━━━ Data excerpt
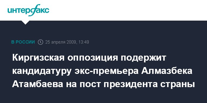Москва. 25 апреля. INTERFAX.RU - Оппозиционное Объеденное народное движение (ОНД) на курултае (собрании) в субботу заявило о готовности поддержать бывшего премьер-министра Киргизии, лидера Социал-демократической партии республики Азмазбека Атамбаева кандидатом в президенты Киргизии.
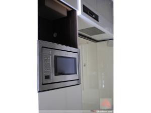 built in furniture’s and ceiling lights and wood floor in bedroom and living room.
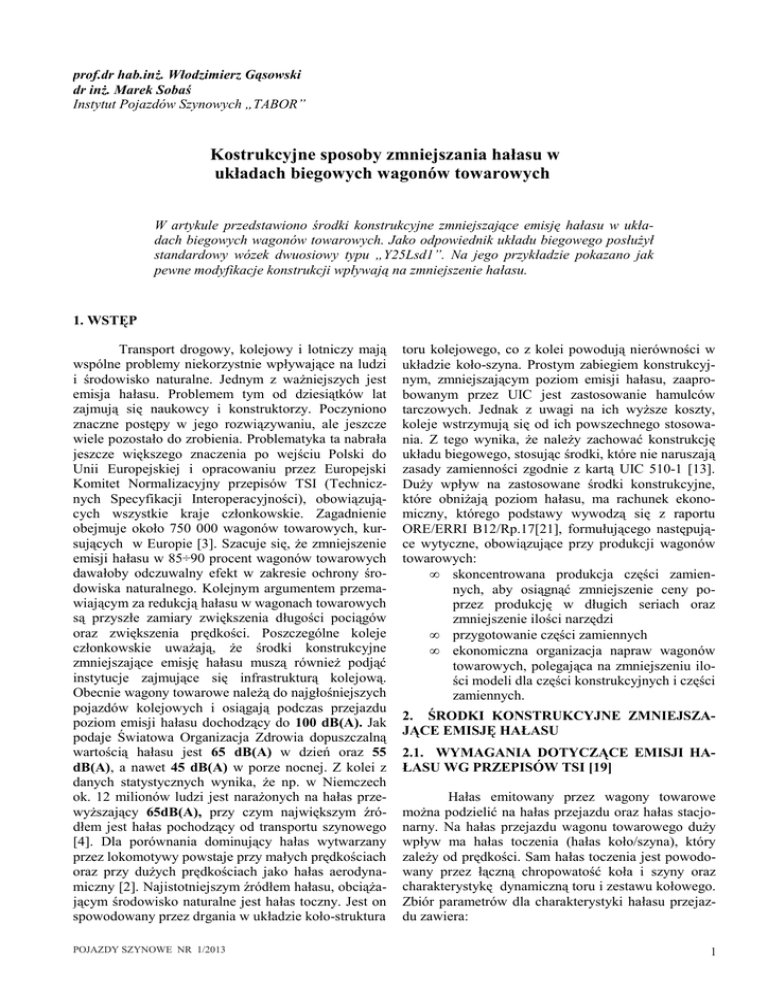 prof.dr hab.inż. Włodzimierz Gąsowski dr inż. Marek Sobaś Instytut Pojazdów Szynowych „TABOR” Kostrukcyjne sposoby zmniejszania hałasu w układach biegowych wagonów towarowych W artykule przedstawiono środki konstrukcyjne zmniejszające emisję hałasu w układach biegowych wagonów towarowych. Jako odpowiednik układu biegowego posłużył standardowy wózek dwuosiowy typu „Y25Lsd1”. Na jego przykładzie pokazano jak pewne modyfikacje konstrukcji wpływają na zmniejszenie hałasu. 1. WSTĘP Transport drogowy, kolejowy i lotniczy mają wspólne problemy niekorzystnie wpływające na ludzi i środowisko naturalne. Jednym z ważniejszych jest emisja hałasu. Problemem tym od dziesiątków lat zajmują się naukowcy i konstruktorzy. Poczyniono znaczne postępy w jego rozwiązywaniu, ale jeszcze wiele pozostało do zrobienia. Problematyka ta nabrała jeszcze większego znaczenia po wejściu Polski do Unii Europejskiej i opracowaniu przez Europejski Komitet Normalizacyjny przepisów TSI (Technicznych Specyfikacji Interoperacyjności), obowiązujących wszystkie kraje członkowskie. Zagadnienie obejmuje około 750 000 wagonów towarowych, kursujących w Europie [3]. Szacuje się, że zmniejszenie emisji hałasu w 85÷90 procent wagonów towarowych dawałoby odczuwalny efekt w zakresie ochrony środowiska naturalnego. Kolejnym argumentem przemawiającym za redukcją hałasu w wagonach towarowych są przyszłe zamiary zwiększenia długości pociągów oraz zwiększenia prędkości. Poszczególne koleje członkowskie uważają, że środki konstrukcyjne zmniejszające emisję hałasu muszą również podjąć instytucje zajmujące się infrastrukturą kolejową. Obecnie wagony towarowe należą do najgłośniejszych pojazdów kolejowych i osiągają podczas przejazdu poziom emisji hałasu dochodzący do 100 dB(A). Jak podaje Światowa Organizacja Zdrowia dopuszczalną wartością hałasu jest 65 dB(A) w dzień oraz 55 dB(A), a nawet 45 dB(A) w porze nocnej. Z kolei z danych statystycznych wynika, że np. w Niemczech ok. 12 milionów ludzi jest narażonych na hałas przewyższający 65dB(A), przy czym największym źródłem jest hałas pochodzący od transportu szynowego [4]. Dla porównania dominujący hałas wytwarzany przez lokomotywy powstaje przy małych prędkościach oraz przy dużych prędkościach jako hałas aerodynamiczny [2]. Najistotniejszym źródłem hałasu, obciążającym środowisko naturalne jest hałas toczny. Jest on spowodowany przez drgania w układzie koło-struktura POJAZDY SZYNOWE NR 1/2013 toru kolejowego, co z kolei powodują nierówności w układzie koło-szyna. Prostym zabiegiem konstrukcyjnym, zmniejszającym poziom emisji hałasu, zaaprobowanym przez UIC jest zastosowanie hamulców tarczowych. Jednak z uwagi na ich wyższe koszty, koleje wstrzymują się od ich powszechnego stosowania. Z tego wynika, że należy zachować konstrukcję układu biegowego, stosując środki, które nie naruszają zasady zamienności zgodnie z kartą UIC 510-1 [13]. Duży wpływ na zastosowane środki konstrukcyjne, które obniżają poziom hałasu, ma rachunek ekonomiczny, którego podstawy wywodzą się z raportu ORE/ERRI B12/Rp.17[21], formułującego następujące wytyczne, obowiązujące przy produkcji wagonów towarowych: • skoncentrowana produkcja części zamiennych, aby osiągnąć zmniejszenie ceny poprzez produkcję w długich seriach oraz zmniejszenie ilości narzędzi • przygotowanie części zamiennych • ekonomiczna organizacja napraw wagonów towarowych, polegająca na zmniejszeniu ilości modeli dla części konstrukcyjnych i części zamiennych. 2. ŚRODKI KONSTRUKCYJNE ZMNIEJSZAJĄCE EMISJĘ HAŁASU 2.1. WYMAGANIA DOTYCZĄCE EMISJI HAŁASU WG PRZEPISÓW TSI [19] Hałas emitowany przez wagony towarowe można podzielić na hałas przejazdu oraz hałas stacjonarny. Na hałas przejazdu wagonu towarowego duży wpływ ma hałas toczenia (hałas koło/szyna), który zależy od prędkości. Sam hałas toczenia jest powodowany przez łączną chropowatość koła i szyny oraz charakterystykę dynamiczną toru i zestawu kołowego. Zbiór parametrów dla charakterystyki hałasu przejazdu zawiera: 1 Wartości dopuszczalne Lp,Aeq,Tp dla hałasu przejazdu wagonów towarowych L.p. 1 2 3 4 5 6 Wagony Nowe wagony o średniej liczbie osi na jednostkę długości (o/d) do 0,15 m-1 przy prędkości 80 km/h Odnowione lub zmodernizowane wagony zgodnie z art.14 ust.3 dyrektywy 2001/16/WE o średniej liczbie osi na jednostkę długości (o/d) do 0,15 m-1przy prędkości 80 km/h Nowe wagony o średniej liczbie osi na jednostkę (o/d) od powyżej 0,15m-1 do 0,275 m-1 przy prędkości 80 km/h Odnowione lub zmodernizowane wagony zgodnie z art.14.ust.3 dyrektywy 2001/16/WE o średniej liczbie osi na jednostkę długości (o/d) od powyżej 0,15 m-1 do 0,275 m-1 przy prędkości 80 km/h Nowe wagony o średniej liczbie osi na jednostkę długości (o/d) powyżej 0,275 m-1 przy prędkości 80 km/h Odnowione lub zmodernizowane wagony zgodne z art.14 ust.3 dyrektywy 2001/16/WE o średniej liczbie osi na jednostkę długości (o/d) do powyżej 0,275 m-1 przy prędkości 80 km/h Tabela1 Lp,Aeq,Tp ≤82 dB (A) ≤84 dB (A) ≤83 dB(A) ≤85 dB(A) ≤85 dB (A) ≤87 dB (A) o-liczba osi [-] d-długość między zderzakami [m]. • poziom ciśnienia akustycznego, zgodnego z metodą pomiaru • położenie mikrofonu pomiarowego • prędkość wagonu • chropowatość szyny • dynamiczne zachowanie toru. Hałas stacjonarny wagonu towarowego jest istotny jedynie wówczas, jeżeli wagon towarowy jest wyposażony w urządzenia pomocnicze takie jak grzejniki, generatory, układy chłodzenia. Dotyczy to głównie wagonów-chłodni. Zbiór parametrów dla charakterystyki hałasu stacjonarnego wagonu towarowego zawiera: • poziom ciśnienia akustycznego, zgodnie z określoną metodą pomiaru oraz położenia mikrofonu • warunki eksploatacji. Wartości dopuszczalne hałasu przejazdu mi
━━━━━━
* Directions *
Transcribe exactly, with no pictures, the lines running from the first line of the material through the line holding "built in furniture’s".

* Task answer *
Москва. 25 апреля. INTERFAX.RU - Оппозиционное Объеденное народное движение (ОНД) на курултае (собрании) в субботу заявило о готовности поддержать бывшего премьер-министра Киргизии, лидера Социал-демократической партии республики Азмазбека Атамбаева кандидатом в президенты Киргизии.
 built in furniture’s and ceiling lights and wood floor in bedroom and living room.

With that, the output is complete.